Sarab Kamala: How did you lose?

Sarab Kamala: How did you lose?

The reasons why Kamala Harris lost the 2024 presidential election will remain debated for months, if not years, to come. However, exit polls provide some insights.

In the data below, the 2020 numbers are estimated from four data sources, of which the 2020 exit poll is only one. Other sources include voter opinion polls that were later validated.

There is no single truth regarding how different subgroups vote in any election. We always deal with estimates.

Trump has made gains with women

In 2020, Biden won women by 12.5 points over Trump. This time Harris is set to beat them by just 10 points.

This wasn’t supposed to happen after DOBS, the landmark Supreme Court decision on abortion, which alienated voters ahead of the 2022 midterm elections.

Elizabeth Brockway/The Daily Beast

The argument goes that women will flock to the polls this year as well, handing Harris the win despite her lack of support among men.

In fact, women leaned toward Trump and men leaned toward him by 6 points. He won them by 10.

Trump made gains with white, college-educated voters

White college-educated voters were the other obvious foundation for Harris’ coalition. But Trump also made gains with them, according to exits, improving his margins compared to 2020 by 3 points.

He still lost them (by 10 points), but he improved in 2020, which is all he needed to do given his strength elsewhere.

Elizabeth Brockway/The Daily Beast

He also made gains with white, non-college-educated voters, improving his extraordinary margins among them by two points, winning them by 31 points over Harris, exit polls indicate.

Republican presidential candidate Donald Trump campaigning in Nevada, Photo by Chip Somodevilla/Getty Images.

Trump won with Hispanic men

In 2020, Trump lost Hispanic men to Biden by 23 points. He just won them over Harris by 10 points, a 33-point margin.

Hispanic men made up just 6% of the national electorate, but they accounted for nearly 10% of the vote in the swing states of Arizona and Nevada, and were a harbinger of a more general swing among nonwhite male voters.

Elizabeth Brockway/The Daily Beast

Trump performed 16 points better with Hispanic voters than in 2020: his largest improvement with any voting bloc.

One in five black men voted for Trump, according to preliminary polls, with Trump reducing the Democratic lead among black voters by 9 points.

Trump won two late decisions

Trump won narrowly among voters who decided in the last few days (by 2 points) and last week (by 8) according to exit results — a result seen as contradictory to the narrative.

Harris won narrowly among voters who had decided earlier in the campaign.

Trump barely lost among moderately pro-choice voters

Abortion was supposed to be one of Harris’ strongest issues. She led strongly among voters who were publicly pro-choice.

But Trump was, crucially, able to reassure voters who are somewhat pro-choice, believing it should be legal “in most cases.”

Elizabeth Brockway/The Daily Beast

He lost this group — which makes up a third of voters — by just 4 points, neutralizing the Harris campaign’s main line of attack.
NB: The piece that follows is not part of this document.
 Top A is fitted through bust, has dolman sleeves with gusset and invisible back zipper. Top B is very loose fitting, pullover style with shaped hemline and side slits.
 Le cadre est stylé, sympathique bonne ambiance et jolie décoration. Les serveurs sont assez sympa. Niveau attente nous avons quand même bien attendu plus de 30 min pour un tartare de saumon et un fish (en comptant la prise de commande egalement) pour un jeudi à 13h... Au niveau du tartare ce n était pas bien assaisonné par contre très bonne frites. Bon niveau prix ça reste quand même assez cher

Trump won among voters who believe democracy is ‘extremely threatened’

Harris won among voters who said they cared most about democracy. But Trump, in a result that would surprise many liberal voters, narrowly won among voters who consider democracy “extremely threatened.”
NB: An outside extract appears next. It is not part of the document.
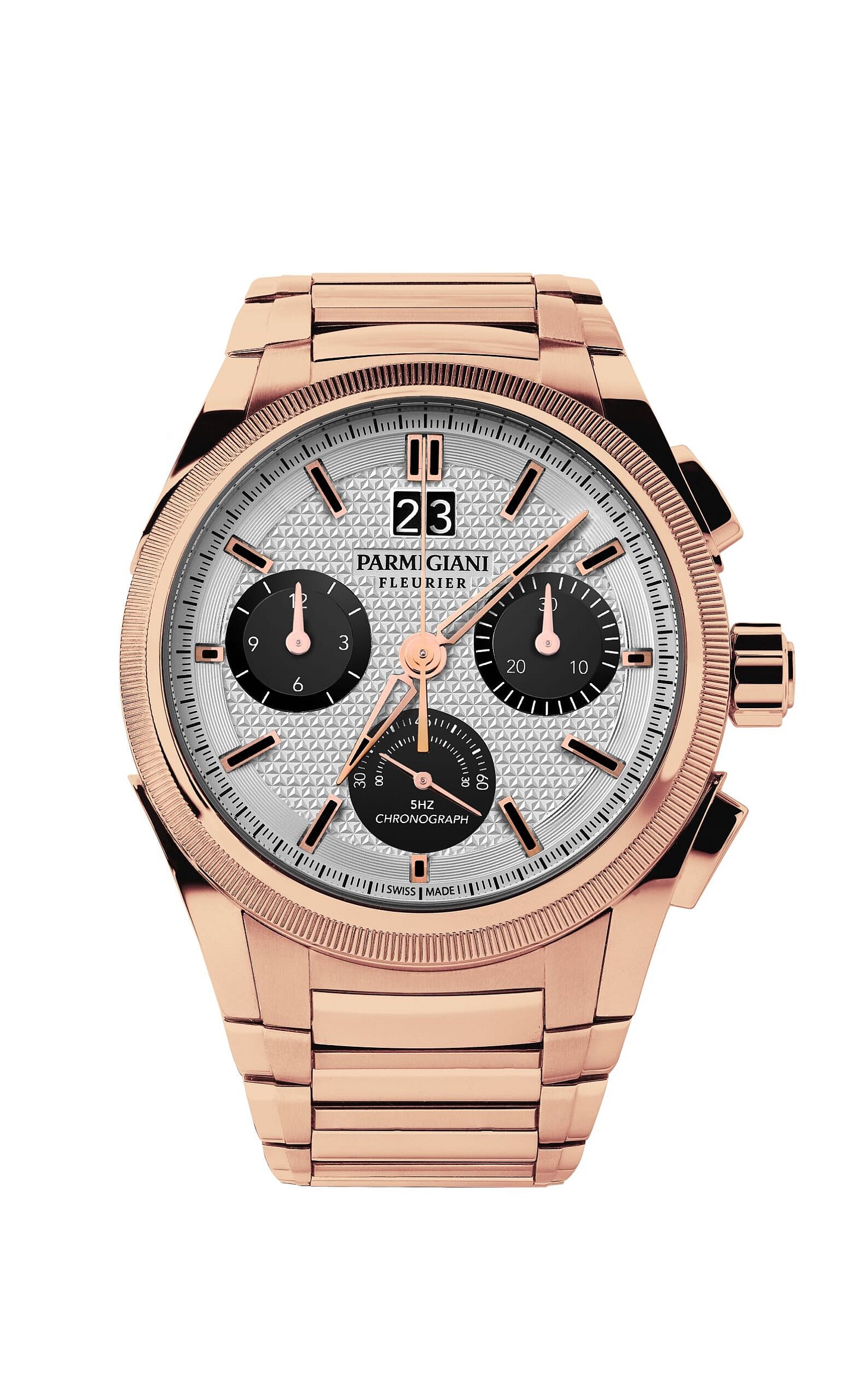 Parmigiani Fluerier’s familiar Delta-shaped hands with black luminescent coating display the time, while the date appears in a large double aperture at 12 o’clock. Subdials at 9 and 6 o’clock display chronograph readouts, and the 3 o’clock subdial serves as both a running seconds and date indicator.
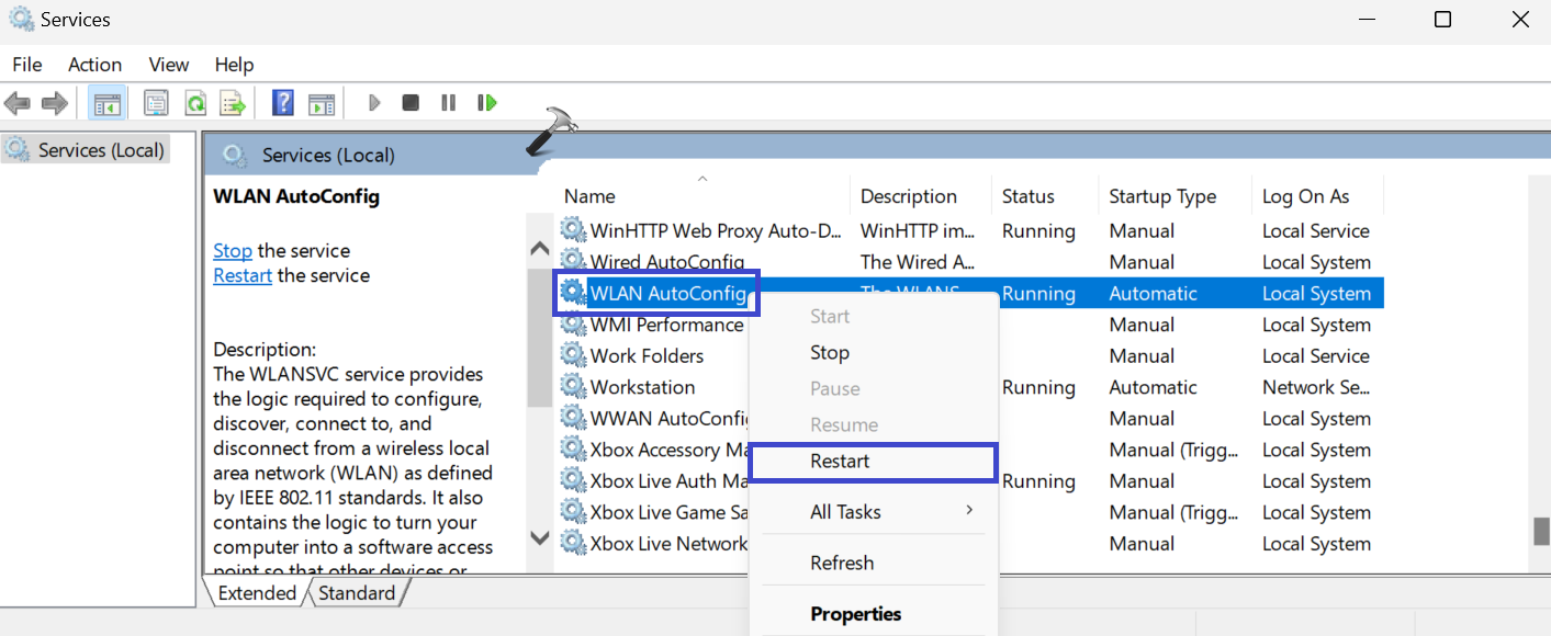 2. Klicken Sie mit der rechten Maustaste auf „WLAN-Autokonfiguration” Option und wählen Sie „Neustart“.

Republicans have made their own claims about the threats Democrats pose to democracy, claims that have not penetrated much into the mainstream media environment but have significant support among his base.

Trump won over one in ten voters who disliked him

Only 44 percent of voters in the 2024 elections, according to the directors, had a favorable view of Trump. 54 percent did not. There was a clear majority in the country that rejected it.
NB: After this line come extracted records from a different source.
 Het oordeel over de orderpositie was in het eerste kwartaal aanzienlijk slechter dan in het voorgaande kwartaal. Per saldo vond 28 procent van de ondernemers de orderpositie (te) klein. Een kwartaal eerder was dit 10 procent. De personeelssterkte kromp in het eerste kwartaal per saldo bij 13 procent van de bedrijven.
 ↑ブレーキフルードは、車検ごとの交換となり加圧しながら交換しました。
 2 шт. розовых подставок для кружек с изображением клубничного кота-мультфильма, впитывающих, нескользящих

However, Trump won 9 percent of this 54 percent bloc. They didn’t like him, but they preferred him over Harris.

This, perhaps more than any other, is the number that should haunt Democrats after Trump wins re-election to the White House.

Trump won low-income voters

“It is not surprising that a Democratic Party that has abandoned its working-class people will find that the working class has abandoned them,” Bernie Sanders wrote after the election.

He was referring to one of the most striking shifts in the election: In a reversal of 2020, Trump beat the Democratic nominee among those earning less than $50,000.

Elizabeth Brockway/The Daily Beast

It’s unclear how Biden and Trump fared among those who earned more than $100,000 in 2020: estimates vary.

But Harris won it this year, according to opinion polls, confirming the transformation of the Democratic Party from a party of the working and middle classes into a distinct party for the so-called Brahmin left.